FIG. 7 is a diagram for explaining the principle of calculating a coordinate position according to the embodiment of the present invention.

FIG. 8 is a supplementary diagram for explaining a problem.

FIG. 9 is a diagram showing a schematic configuration of a measuring instrument for measuring directivity according to the embodiment of the present invention.

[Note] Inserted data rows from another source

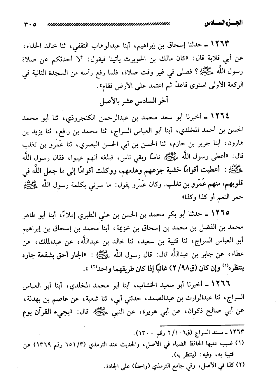 1264- أخبرنا أبو سعد محمد بن عبد الرحمن الكنجروذي، ثنا أبو محمد الحسن بن أحمد المخلدي، أبنا أبو العباس السراج، ثنا محمد بن رافع، ثنا يزيد بن هارون، أبنا جَرِيرُ بْنُ حَازِمٍ، ثنا الْحَسَنُ بْنُ أَبِي الْحَسَنِ الْبَصْرِيُّ، ثنا عَمْرُو بْنُ تَغْلِبَ قَالَ: ((أَعْطَى رَسُولُ اللَّهِ صَلَّى اللَّهُ عَلَيْهِ وَسَلَّمَ ناساً وبقي ناس، فبلغه أنهم عيبوا، فقال رسول الله صلى الله عليه وسلم: أعطيت أقواماً خشية جَزَعَهُمْ وَهَلَعَهُمْ، وَوَكَلْتُ أَقْوَامًا إِلَى مَا جَعَلَ اللَّهُ فِي قُلُوبِهِمْ، مِنْهُمْ عَمْرُو بْنُ تَغْلِبَ. وَكَانَ عَمْرٌو يَقُولُ: مَا سَرَّنِي بِكَلِمَةِ رَسُولِ اللَّهِ صَلَّى اللَّهُ عَلَيْهِ وَسَلَّمَ حُمْرُ النَّعَمِ أَوْ كَذَا وَكَذَا)) .
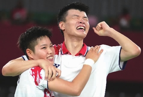 手臂搭在彼此肩上,王懿律右手握拳,黄东萍左手比出第一的手势。30日,他们赢下一场硬仗,在东京奥运会羽毛球混双决赛中2:1战胜队友郑思维/黄雅琼,收获金牌。
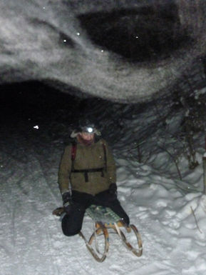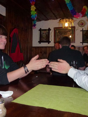Dort verbrachten wir ein paar gemütliche Stunden zusammen. Gut gelaunt und gestärkt machten wir uns auf die Abfahrt mit dem Schlitten ins Tal.
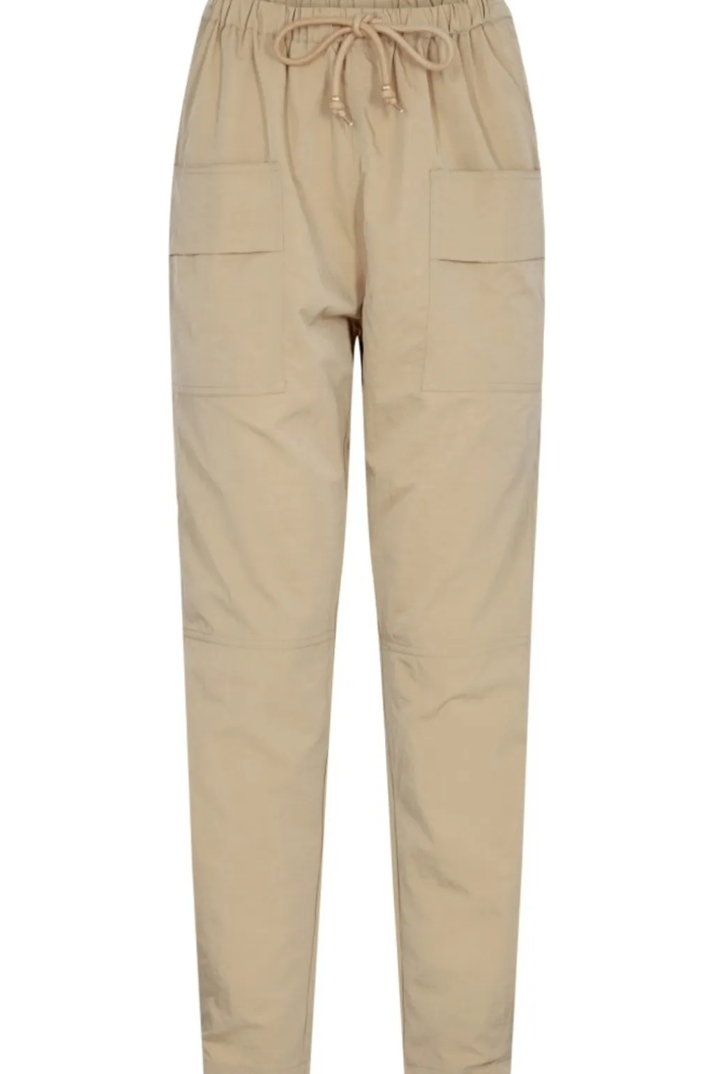 Bukser fra Gossia i camelfarvet stof med loose fit. Bukserne har en høj talje med elastik og bindebånd samt praktiske lommer foran.

FIG. 10 is a diagram showing a structure of a first type according to the embodiment of the present invention;

FIG. 11 is a diagram illustrating a second type structure according to the embodiment of the present invention;

[Explanation of symbols]

 DESCRIPTION OF SYMBOLS 1 Operation control circuit 2 Vibrator drive circuit 3 Vibration input pen 4 Vibrator 5 Vibration transmission member 6a-6d Vibration sensor 7 Vibration-proof material 8 Vibration transmission plate 9 Signal waveform detection circuit 10 Display drive circuit 11 Display 12 Pen tip 13 Holder 135 Bolt 136 Electrode spring A 137 Electrode spring B 100 Pin gate 200 Side gate

 ──────────────────────────────────────────────────続 き Continuing on the front page (72) Inventor Hajime Sato 3-30-2 Shimomaruko, Ota-ku, Tokyo Inside Canon Inc. (72) Inventor Atsushi Tanaka 3-30-2 Shimomaruko, Ota-ku, Tokyo Canon Inside the corporation

Claims (8)

[Claims] 1. A molding die for molding a pen tip of an input pen used for inputting coordinates of a coordinate input device, comprising: a molding member for molding an outer shape of the pen tip; and a molding member formed on the molding member. And a at least one gate for injecting a resin disposed at a position symmetrical with respect to a center axis of the pen tip. 2. The molding die according to claim 1, wherein the gate is disposed on an axis of the mold member corresponding to a central axis of the pen tip. 3. The molding die according to claim 1, wherein a plurality of the gates are arranged at positions symmetrical with respect to an axis of the die member corresponding to a central axis of the pen point. 4. The mold according to claim 1, wherein the resin is a polyamideimide. 5. The mold according to claim 1, wherein the resin is a liquid crystalline polymer. 6. A method for forming a pen tip of an input pen used for inputting coordinates of a coordinate input device, comprising: a forming member for forming an outer shape of the pen tip;
An injection step of injecting a resin into at least one gate disposed at a position symmetrical with respect to a center axis of the pen tip, and a processing step of processing a molded body molded into the mold member into the pen tip. A molding method, comprising: 7. When the gate is disposed on an axis of the mold member corresponding to a central axis of the pen tip, the processing step includes a step of setting a tip of the molded body corresponding to a tip of the pen tip to a gate. The forming method according to claim 6, wherein the forming is performed. 8. When the plurality of gates are arranged at positions symmetrical with respect to the axis of the mold member corresponding to the central axis of the pen tip, the processing step is performed on the mold member. The molding method according to claim 6, wherein a gate portion of the molded body is cut.